Redwood Trust, Inc. (NYSE: RWT) is a specialty finance company focused on several distinct areas of housing credit where we provide liquidity to growing segments of the U.S. housing market not well served by government programs. We deliver customized housing credit investments to a diverse mix of investors, through our best-in-class securitization platforms, whole-loan distribution activities, joint ventures and our publicly traded shares. We operate through three core residential housing-focused operating platforms — Sequoia, Aspire, and CoreVest — alongside our complementary Redwood Investments portfolio which is primarily composed of assets we source through these platforms. Redwood Investments also includes RWT Horizons®, our unified technology platform spanning internal AI innovation and strategic investments across the ecosystem, which supports our efforts to develop an AI-first operating model that enables compounding operational leverage and scalable growth. This reflects how we manage and organize our business and may differ from the manner in which our reportable segments are presented for financial reporting purposes. Our goal is to provide attractive returns to shareholders through a stable and growing stream of earnings and dividends, capital appreciation, and a commitment to technological innovation that facilitates risk-minded scale. Redwood Trust is internally managed and structured as a real estate investment trust (“REIT”) for tax purposes.
CAUTIONARY STATEMENT: This press release contains forward-looking statements within the meaning of the safe harbor provisions of the Private Securities Litigation Reform Act of 1995, such as statements related to the offering, including the terms thereof, the anticipated closing date, the intention to apply to list the securities on the New York Stock Exchange and the expected use of the net proceeds.
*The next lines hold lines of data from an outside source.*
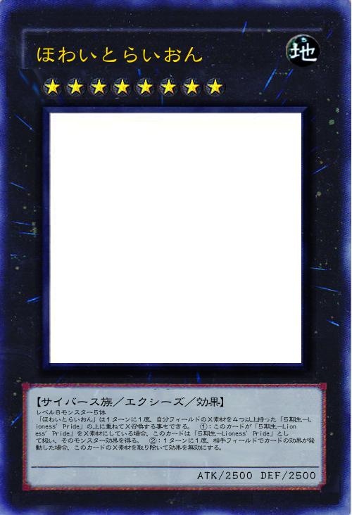 | レベル8モンスター5体 「ほわいとらいおん」は1ターンに1度、自分フィールドのX素材を4つ以上持った「5期生-Lioness' Pride」の上に重ねてX召喚する事もできる。 ①:このカードが「5期生-Lioness' Pride」をX素材にしている場合、このカードは「5期生-Lioness' Pride」として扱い、そのモンスター効果を得る。 ②:1ターンに1度、相手フィールドでカードの効果が発動した場合、このカードのX素材を取り除いて効果を無効にする。 | |||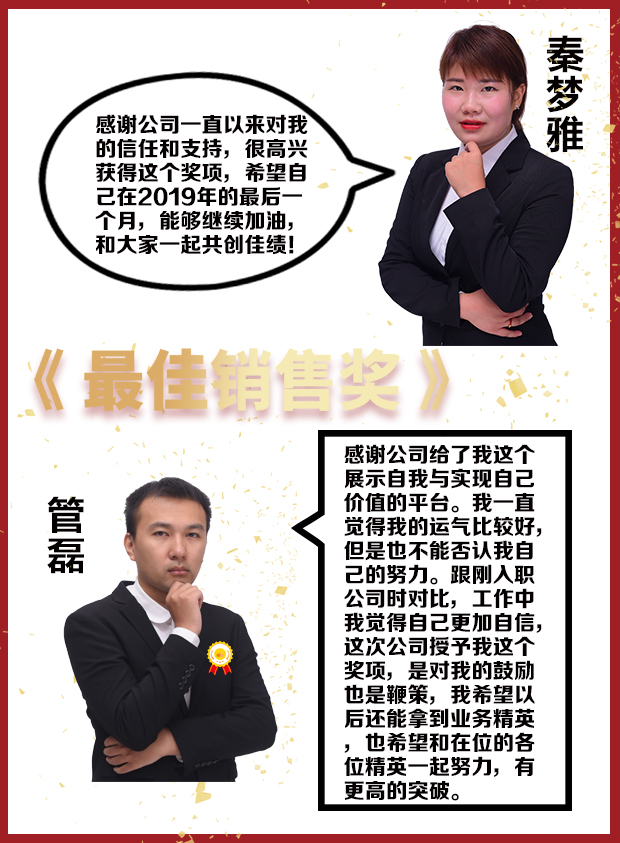 全體員工合唱普天之歌,拉開此次表彰大會序幕。岳總經理向業務一部秦夢雅和業務二部管磊表示祝賀及感謝,兩位業務精英也發表了自己的獲獎感言。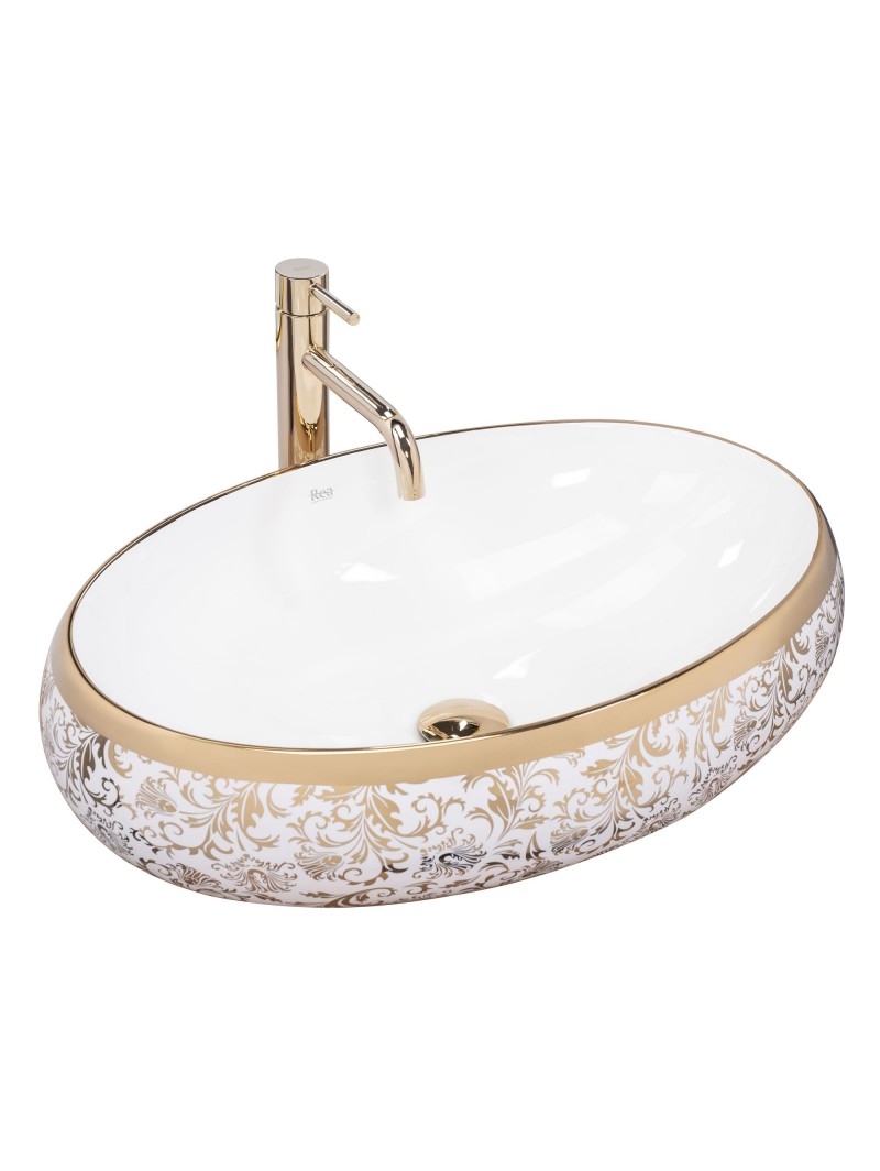 Умывальник Rea MELANIA Meryl 60x40 белый с золотым рисунком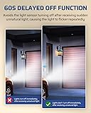 [Wireless Light Sensor] With built-in advanced dusk to dawn sensor, the transmitter automatically sends on/off signals to the lamp head; split design allows the distance between the light sensor transmitter and the lamp head to reach up to 50 meters [6 Time Setting Modes] The programmable dusk to dawn light control socket can automatically turn on the lights at dusk and turn them off after 1, 2, 4, 6, 8, or 10 hours, helping to illuminate the night while avoiding unnecessary waste and meeting your needs [Easy Installation] No wiring and programming needed; simply screw the bulb into the socket and connect the fixture above; Note: make sure the light sensor faces natural light to ensure the sensor captures natural light information and prevent malfunction [Off Delay Function] This dusk to dawn sensor socket is equipped with off delayed function to prevent flickering caused by the photocell detecting non-natural light sources; when the photocell detects light, the light stays on for 60 seconds or more before automatically turning off [Standard E26/E27 Base] Compatible with E26/E27 base incandescent ≤ 100W, CFL/LED ≤ 60W, and halogen bulbs, our automatic dusk to dawn light bulb sockets are perfect for porch lights, front door lights, garage door lights; requires 2 AAA batteries (not included); NiMH batteries recommended for longer life

Forward-looking statements involve numerous risks and uncertainties. Redwood’s actual results may differ materially from those projected, and Redwood cautions investors not to place undue reliance on the forward-looking statements contained in this release. Forward-looking statements are not historical in nature and can be identified by words such as “anticipate,” “estimate,” “will,” “should,” “expect,” “believe,” “intend,” “seek,” “plan,” and similar expressions or their negative forms, or by references to strategy, plans, or intentions. No assurance can be given that the offering will be completed on the terms described, or at all, or that the net proceeds of the offering will be used as indicated. Completion of the offering on the terms described, the application to list the securities on the New York Stock Exchange and the application of the net proceeds, are subject to numerous conditions, risks and uncertainties, many of which are beyond the control of Redwood, including, among other things, those described in Redwood’s preliminary prospectus supplement dated May 19, 2026, the accompanying prospectus dated March 3, 2025, as amended on August 22, 2025, and the documents incorporated in the prospectus supplement and the prospectus by reference. Redwood undertakes no obligation to update or revise any forward-looking statements, whether as a result of new information, future events, or otherwise.